◆ Work order
Whenever a picture appears, leave it out while repeating all the other data exactly.

━━━━━━━━━━━━━━━━

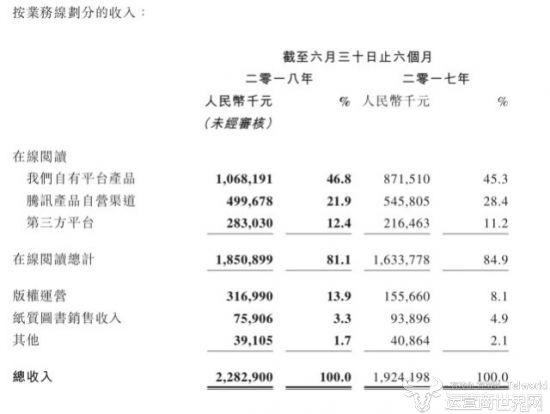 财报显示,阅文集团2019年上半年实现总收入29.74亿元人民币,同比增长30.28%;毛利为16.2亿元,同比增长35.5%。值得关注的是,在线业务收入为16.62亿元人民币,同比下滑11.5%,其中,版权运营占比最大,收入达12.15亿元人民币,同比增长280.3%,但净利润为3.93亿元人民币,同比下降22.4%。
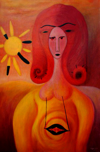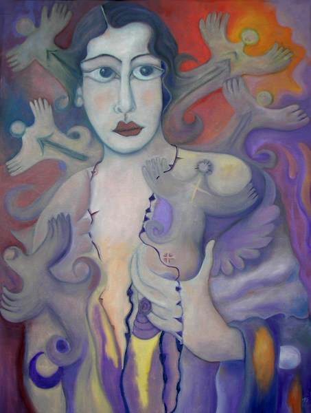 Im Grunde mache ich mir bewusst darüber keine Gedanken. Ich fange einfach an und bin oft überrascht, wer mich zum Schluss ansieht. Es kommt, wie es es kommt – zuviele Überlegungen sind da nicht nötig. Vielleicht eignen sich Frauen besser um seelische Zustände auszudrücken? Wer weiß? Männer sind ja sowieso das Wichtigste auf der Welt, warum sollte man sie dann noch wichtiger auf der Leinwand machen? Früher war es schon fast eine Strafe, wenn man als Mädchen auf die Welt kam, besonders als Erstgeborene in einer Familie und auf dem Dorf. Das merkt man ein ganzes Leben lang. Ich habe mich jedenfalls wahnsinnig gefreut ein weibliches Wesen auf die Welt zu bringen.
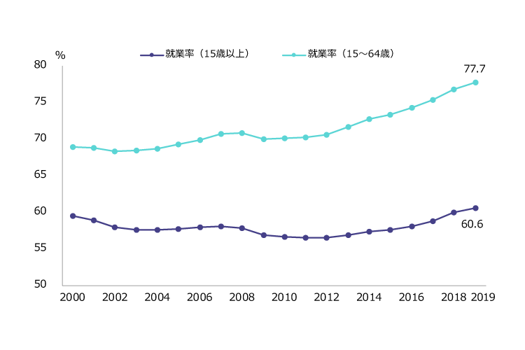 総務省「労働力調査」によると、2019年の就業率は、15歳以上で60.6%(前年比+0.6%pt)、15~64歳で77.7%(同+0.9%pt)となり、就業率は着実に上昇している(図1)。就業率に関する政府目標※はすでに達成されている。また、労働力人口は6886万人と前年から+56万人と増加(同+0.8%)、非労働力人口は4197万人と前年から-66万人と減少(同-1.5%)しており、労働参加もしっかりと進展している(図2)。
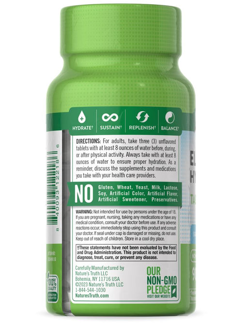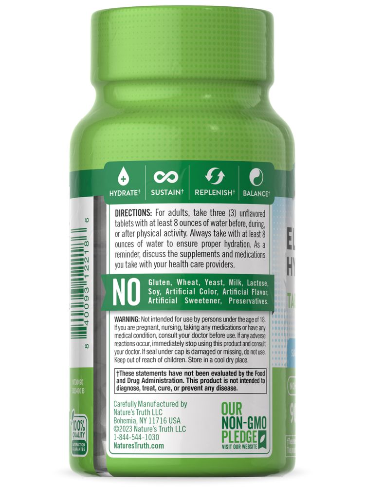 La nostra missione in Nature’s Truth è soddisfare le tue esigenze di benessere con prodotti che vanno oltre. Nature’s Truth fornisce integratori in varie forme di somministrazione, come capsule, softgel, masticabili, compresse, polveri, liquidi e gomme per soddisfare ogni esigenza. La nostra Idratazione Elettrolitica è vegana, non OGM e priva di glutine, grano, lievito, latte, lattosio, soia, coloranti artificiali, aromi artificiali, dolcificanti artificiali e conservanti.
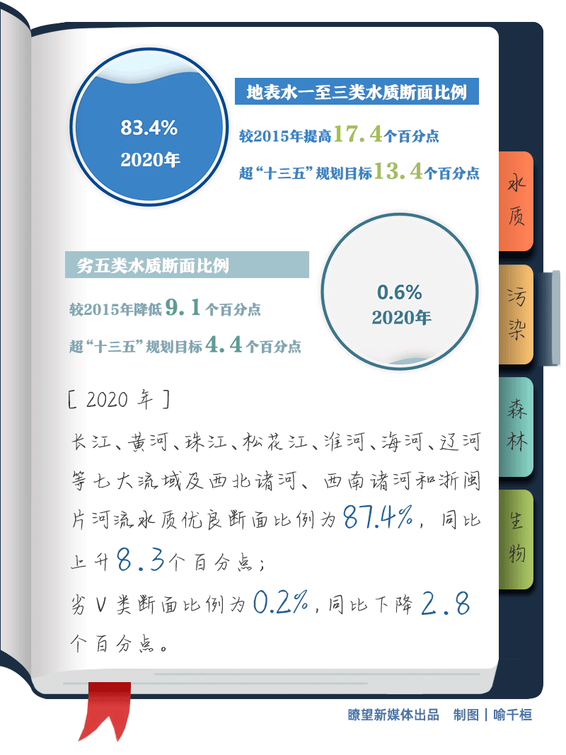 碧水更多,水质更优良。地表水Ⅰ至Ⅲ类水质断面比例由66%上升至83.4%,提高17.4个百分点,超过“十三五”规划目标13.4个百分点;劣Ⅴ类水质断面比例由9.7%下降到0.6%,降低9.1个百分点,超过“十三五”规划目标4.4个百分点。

━━━━━━━━━━━━━━━━

◆ Result for this task
 财报显示,阅文集团2019年上半年实现总收入29.74亿元人民币,同比增长30.28%;毛利为16.2亿元,同比增长35.5%。值得关注的是,在线业务收入为16.62亿元人民币,同比下滑11.5%,其中,版权运营占比最大,收入达12.15亿元人民币,同比增长280.3%,但净利润为3.93亿元人民币,同比下降22.4%。
 Im Grunde mache ich mir bewusst darüber keine Gedanken. Ich fange einfach an und bin oft überrascht, wer mich zum Schluss ansieht. Es kommt, wie es es kommt – zuviele Überlegungen sind da nicht nötig. Vielleicht eignen sich Frauen besser um seelische Zustände auszudrücken? Wer weiß? Männer sind ja sowieso das Wichtigste auf der Welt, warum sollte man sie dann noch wichtiger auf der Leinwand machen? Früher war es schon fast eine Strafe, wenn man als Mädchen auf die Welt kam, besonders als Erstgeborene in einer Familie und auf dem Dorf. Das merkt man ein ganzes Leben lang. Ich habe mich jedenfalls wahnsinnig gefreut ein weibliches Wesen auf die Welt zu bringen.
 総務省「労働力調査」によると、2019年の就業率は、15歳以上で60.6%(前年比+0.6%pt)、15~64歳で77.7%(同+0.9%pt)となり、就業率は着実に上昇している(図1)。就業率に関する政府目標※はすでに達成されている。また、労働力人口は6886万人と前年から+56万人と増加(同+0.8%)、非労働力人口は4197万人と前年から-66万人と減少(同-1.5%)しており、労働参加もしっかりと進展している(図2)。
 La nostra missione in Nature’s Truth è soddisfare le tue esigenze di benessere con prodotti che vanno oltre. Nature’s Truth fornisce integratori in varie forme di somministrazione, come capsule, softgel, masticabili, compresse, polveri, liquidi e gomme per soddisfare ogni esigenza. La nostra Idratazione Elettrolitica è vegana, non OGM e priva di glutine, grano, lievito, latte, lattosio, soia, coloranti artificiali, aromi artificiali, dolcificanti artificiali e conservanti.
 碧水更多,水质更优良。地表水Ⅰ至Ⅲ类水质断面比例由66%上升至83.4%,提高17.4个百分点,超过“十三五”规划目标13.4个百分点;劣Ⅴ类水质断面比例由9.7%下降到0.6%,降低9.1个百分点,超过“十三五”规划目标4.4个百分点。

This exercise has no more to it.